The Nifty on Monday broke its 200 daily moving average (200 DMA) in a sign of continued weakness in the Indian stock markets.
Markets are showing signs of weakness and when stocks like HDFC fall, it's a sign that foreign funds are selling as the stock is heavily owned by foreign funds. A fall in blue chips like Axis Bank could also signal a fresh round of selling by foreign funds who have very high ownership of the stock.
As a market we have now turned negative for 2015, even as global markets continue to rally sharply. When the 200 DMA breaks so convincingly and in such a short span of time, it's a sign that markets are headed lower.

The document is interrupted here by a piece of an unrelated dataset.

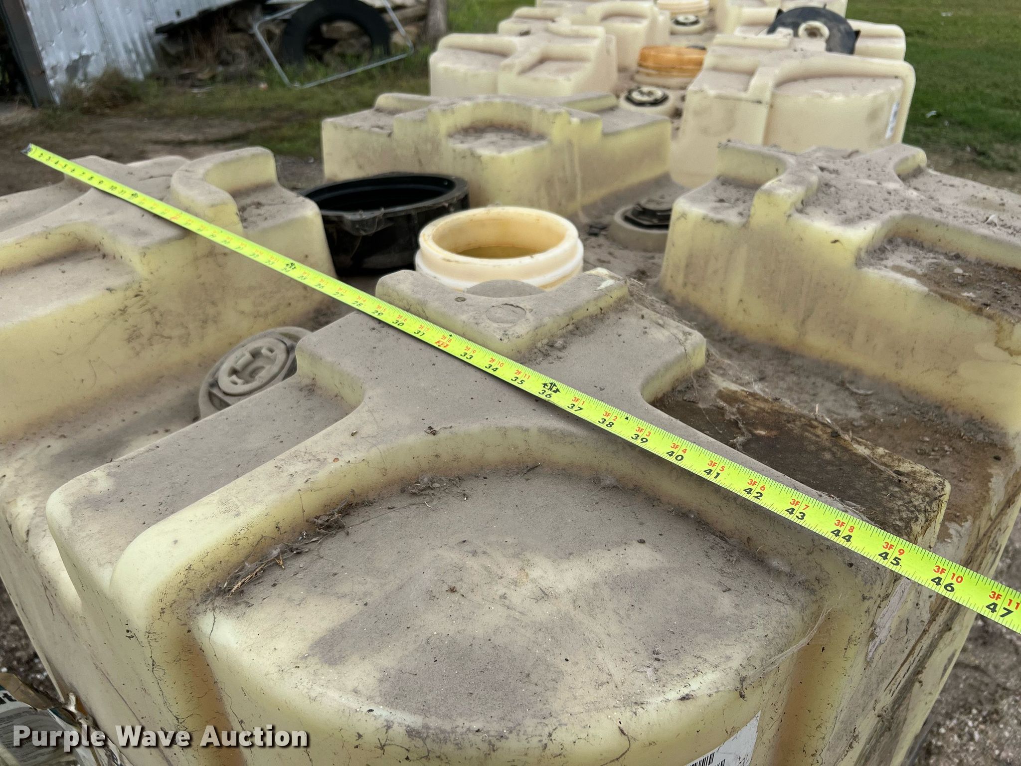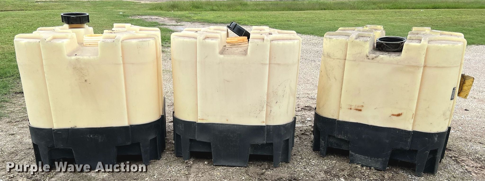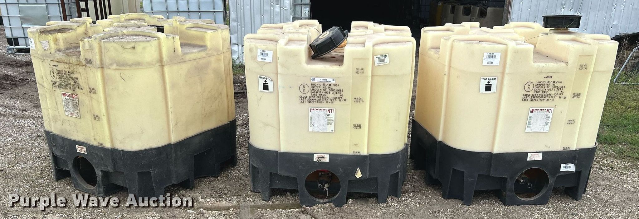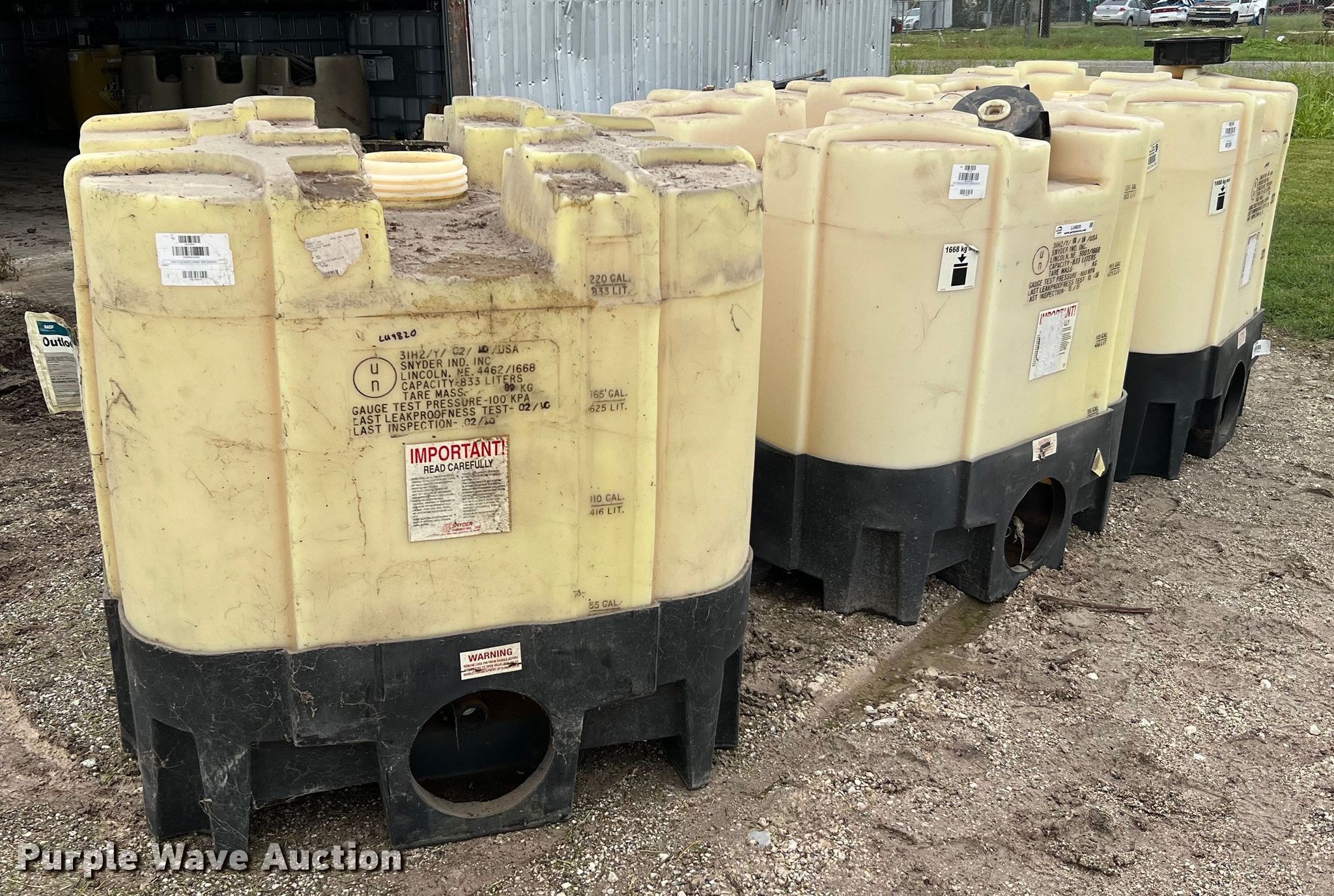Purple Wave is selling a used Tanks in Texas. This item is a (3) Snyder 220 gallon totes with the following: Outlets: 2", Totes have not been cleaned, possible chemical residue

Then next support level for the Nifty could be the 8063 levels and a fall below that means the markets are headed to the 7900 levels.
Analysts say that the entire Minimum Alternative Tax issue has spooked foreign investors. On Monday FIIs sold a huge quantity in the cash market in excess of 1749 crores. This quantity is pretty sizeable ad despite the huge buying by domestic institutions to the tune of Rs 1667 crores, it could not stem the downside in the market.
Should you invest at the current levels?
Blue chip stocks are nowhere near their 52 week lows and are still trading at very high price to earnings multiples. For example, HDFC Bank which is currently traded at Rs 1002, has a 52-week low of Rs 711 and a 52-week high of Rs 1109. It is still nowhere near its 52 week low. Ditto for other blue chip stocks like L&T, Hindustan Unilever etc.
Analysts have always warned not to catch a falling knife. That is true. Let the market settle down and then one can look at good buying opportunities. It looks like we are headed lower and so one needs to wait and watch, at least till the corporate results pan out.